In Nederland zijn er 300.000 tot 450.000 patiënten die een zogenoemde therapieresistente psychiatrische stoornis hebben. Reguliere behandelingen hebben bij hen geen effect. “Dat is voor mij frustrerend, want ik ben arts geworden om mensen te helpen,” vertelt psychiater Heval Özgen. “Toen ik las over onderzoek naar de toepassing MDMA en ketamine in de psychiatrie, was dat echt een eye-opener.”

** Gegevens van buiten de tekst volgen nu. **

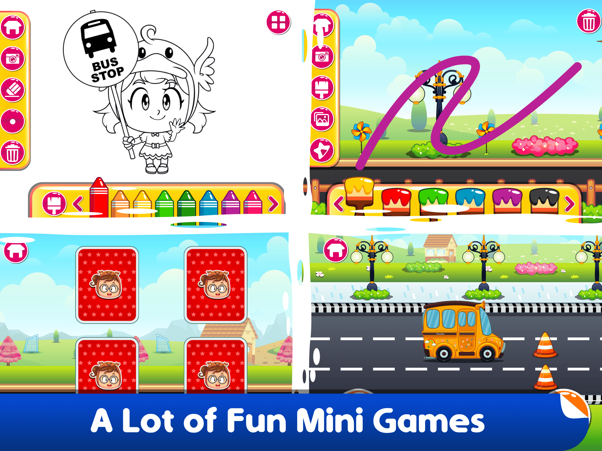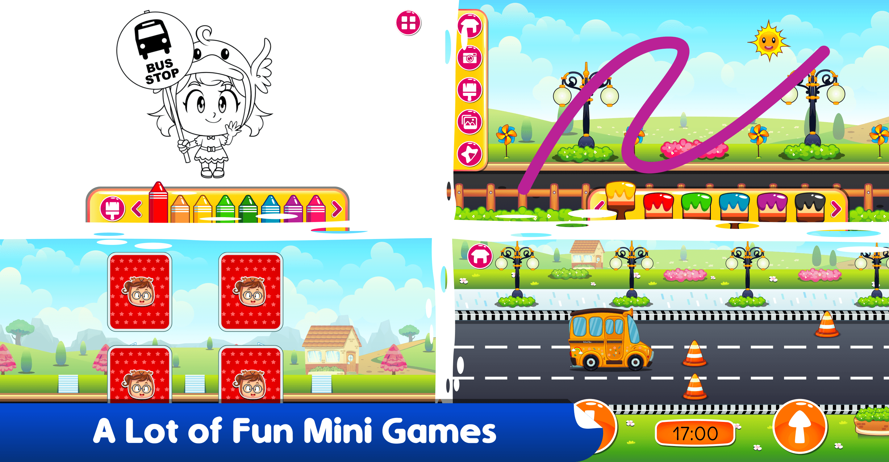 Наслаждайтесь 6 веселыми и увлекательными играми с образовательными ценностями: > Игры на память Найдите подходящие карты! Улучшите память вашего ребенка с помощью этой увлекательной игры на память. > Пора рисовать Выньте кисти! Разбавьте творческие способности вашего ребенка, раскрасив 6 изображений красочной кистью. > Творческий вызов Развивайте творческие способности своего ребенка с помощью множества видов наклеек с 6 различными фонами. > Супер Драйв Проверьте свои навыки вождения. Управляйте автобусом осторожно, избегая конусов > Гонки Соревнуйтесь с друзьями и узнайте, кто победитель > Школьный автобус Управляйте автобусом и садитесь за пассажиров. Что внутри: > 6 забавных и образовательных мини-игр, включая Игры на память, Раскраски, Наклейки, Супер Драйв, Гонки и Школьный автобус. > Интерактивная песня с анимированными милыми животными и персонажами.
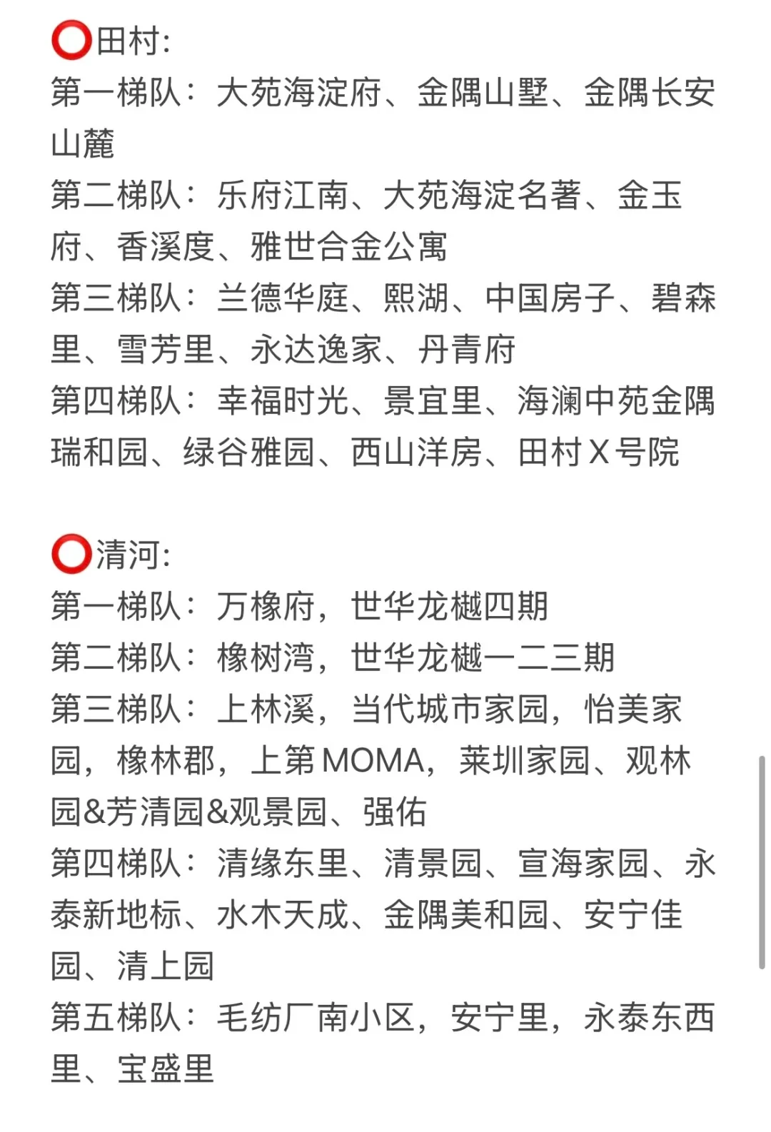 第三梯队:华清嘉园、东升园、水清木华园、三才堂、大通成府公馆。

Op dit moment wordt veel onderzoek gedaan naar de toepassing van psychedelica in de psychiatrie en de resultaten zijn veelbelovend. De FDA, de autoriteit die in de VS bepaalt welke medicatie mag worden voorgeschreven, zal de komende jaren waarschijnlijk de medische toepassing van MDMA bij de behandeling van PTSS (posttraumatische stressstoornis) legaliseren. Toch is er nog altijd veel weerstand, merkte Özgen toen ze beurzen aanvroeg om zelf onderzoek te doen. Daarom ondertekende ze begin dit jaar het Manifest Therapeutisch Gebruik van Psychedelica, waarin psychiaters, psychologen en onderzoekers pleiten voor meer onderzoek naar psychedelica-ondersteunde therapie en een verantwoorde implementatie ervan.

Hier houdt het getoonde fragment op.